Unsere Basisarbeit ist gesichert, aber wenn wir mehr machen wollen, müssen wir uns um Drittmittel bemühen. Ein Beispiel ist das Projekt „Singen in Kindergärten“, für das unser Kantor in sieben Kitas in Ha-Neu unterwegs ist. Das ist ein stadtteiloffenes Angebot, wozu auch Sprachförderung und musikalische Frühförderung gehört, und das sich nicht nur an christliche Kinder richtet. Das bezahlen wir selber, können uns das auf Dauer aber nicht leisten. Der Drittmittelbedarf wird zunehmend mehr, unter anderem auch durch das Kirchenasyl, und ist ein Grund, warum wir so viele Vermietungen haben. 

Gleichzeitig haben wir Planungszeiträume von zehn Jahren und können dadurch ganz anders arbeiten als viele andere Vereine und Initiativen. Ich finde das schon brutal, wie sich diese parallel zu ihren Projekten mit der Geldakquise befassen müssen. Als wir das aktuell auch machen mussten, habe ich gemerkt, wie viel Zeit und Energie das frisst, die man nicht in die Arbeit als solche stecken kann. Das ist so sinnlos, da werden so viele Ressourcen abgegraben. 

Aktivitäten und Kooperationen 

Was findet hier auf dem Gelände alles statt? 

Das Gelände wird  neben unseren Gemeindeveranstaltungen sehr rege von Schulen, von Vereinen und allen möglichen Gruppen genutzt, die hier ihre Sachen machen. Es gibt eine Vorschule und eine Band von der Kastanienalleeschule, die hier regelmäßig herkommen. Wir haben neben dem Gemeindesaal noch ein kleines Haus. Das steht für Leute offen, die einen Raum suchen. 

Ich war im Sommer, als ihr beim Festival „Spielstraße – zurück in die Zukunft“ mitgemacht habt und sich hier auf dem Gelände eine Spielstation befand, zum ersten Mal auf dem Gelände. Wir sprechen oft darüber, dass in Neustadt Begegnungsorte fehlen, dabei gibt es hier einen! Es ist ein Raum und eine Atmosphäre, wo man zusammenkommen kann und willkommen ist. 

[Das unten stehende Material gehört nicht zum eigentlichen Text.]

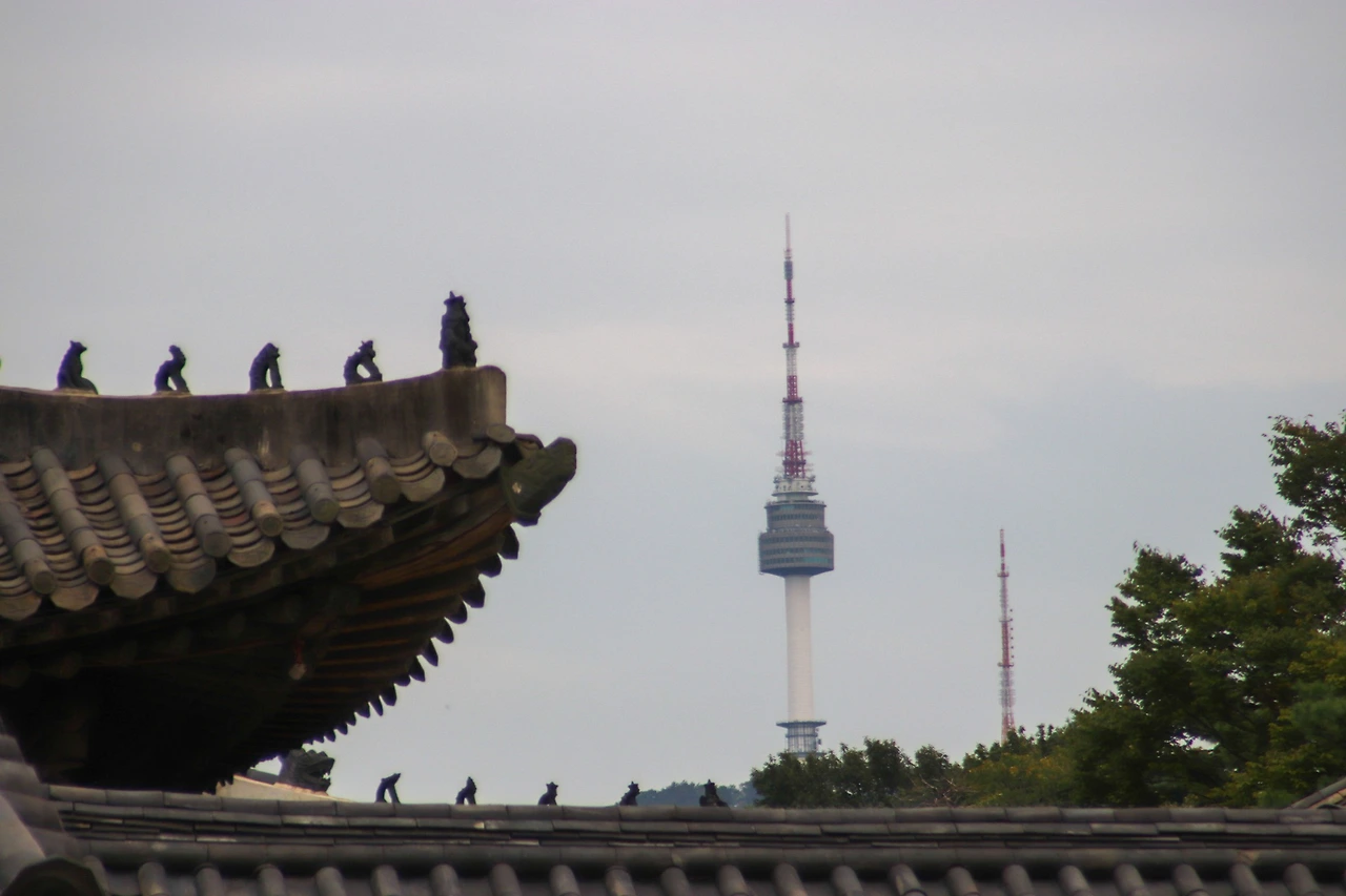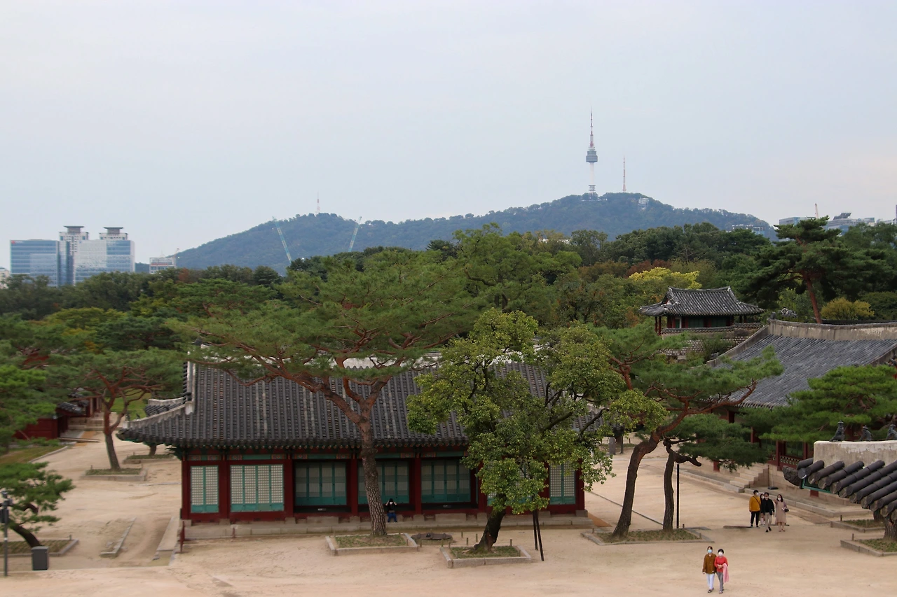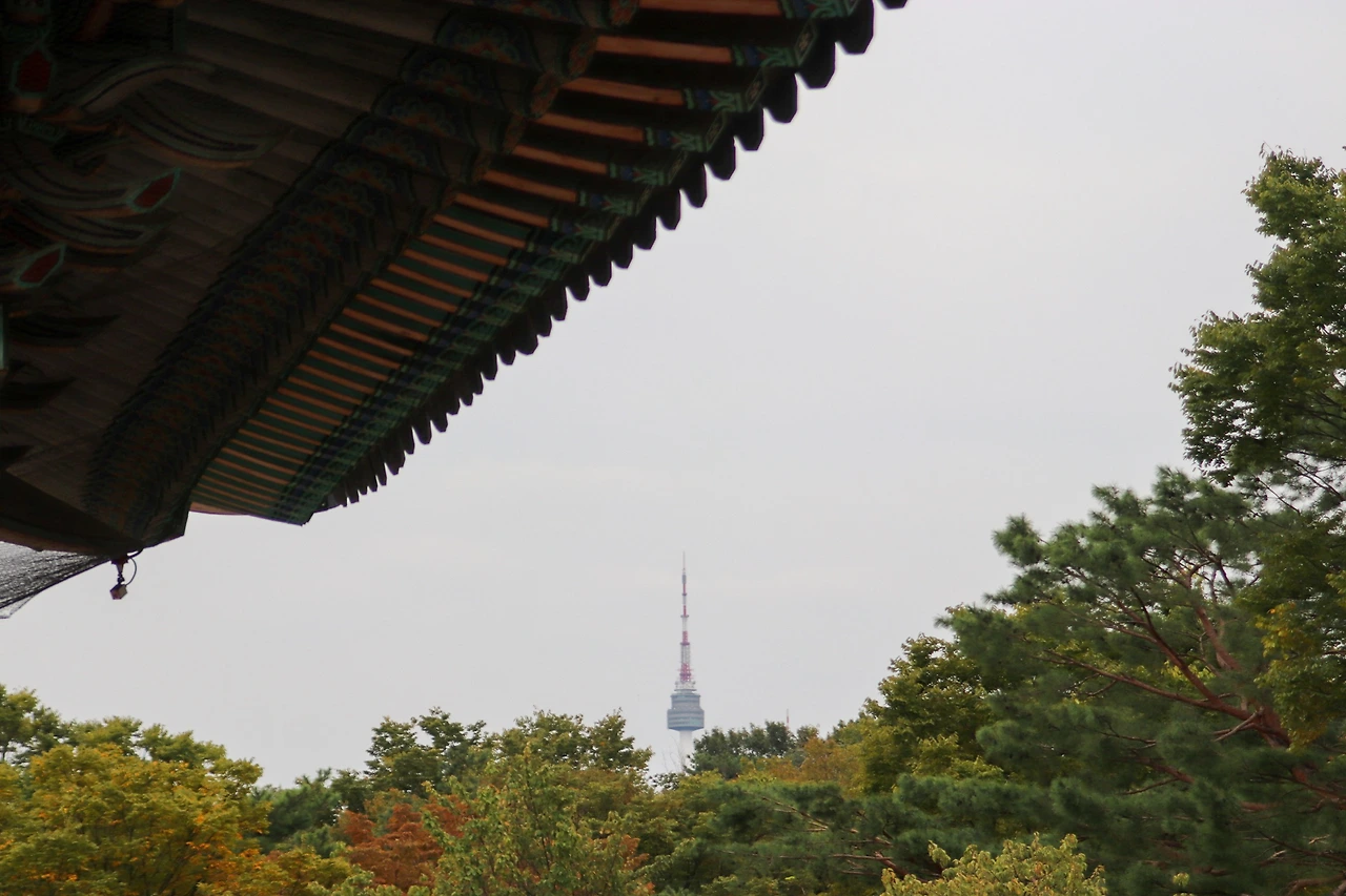 한복을 입고 오기로 한 멤버들 연락을 받고 먼저 궁으로 들어왔다. 경복궁은 몇 번 가본 적이 있었지만 창경궁은(서울에서 30년 넘게 살았는데도) 태어나 처음이었다. 경복궁에 비해 소박한 느낌이었다. 군더더기가 없다고나 할까? 근데 그래서 그런지 카메라에 담고 싶다 할만한 풍경이 눈에 딱 들어오지 않았다. 평소 수평 맞추고 찍는 기본 중에 기본인 정면 구도를 즐겨 찍기는 하지만(그나마 그게 가장 쉬워서) 이번만큼은 피하고 싶었다. 꼴에 출사 한 번 다녀왔다고 평소와는 다른 사진을 찍어보고 싶었기 때문이다. 모름지기 좋은 사진이란 세심한 관찰력에서 나온다 했으니 기와지붕 하나하나까지 매의 눈으로 살폈다. 그러자 하나 눈에 잡히는 게 있었다. 바로 남산서울타워! 식상하지만 과거와 현대의 조화! 난 창경궁 속 숨은 남산 찾기를 시작했다.

Ja, ich bekomme oft gesagt, dass die Leute das Gelände wie eine kleine Oase wahrnehmen. Das empfinde ich auch so. Wir haben die „Offene Kirche“ eingeführt, und ich sehe oft Leute, die hier reinkommen, um runterzukommen. Das ist echt schön. Es könnte noch bekannter sein, auch, dass man nicht getauft sein muss, um diesen Raum zu betreten und dass man hier nicht missioniert wird. 

Allerdings braucht es etwas Mut, die Schwelle zu überwinden und das Gelände zu betreten … 

Deswegen ist es gut, wenn die Kinder den Ort früh kennenlernen und Kindergartengruppen oder Gruppen von den Schulen hier in der Nachbarschaft uns besuchen. 

Seid ihr im Austausch mit anderen Gemeinden? 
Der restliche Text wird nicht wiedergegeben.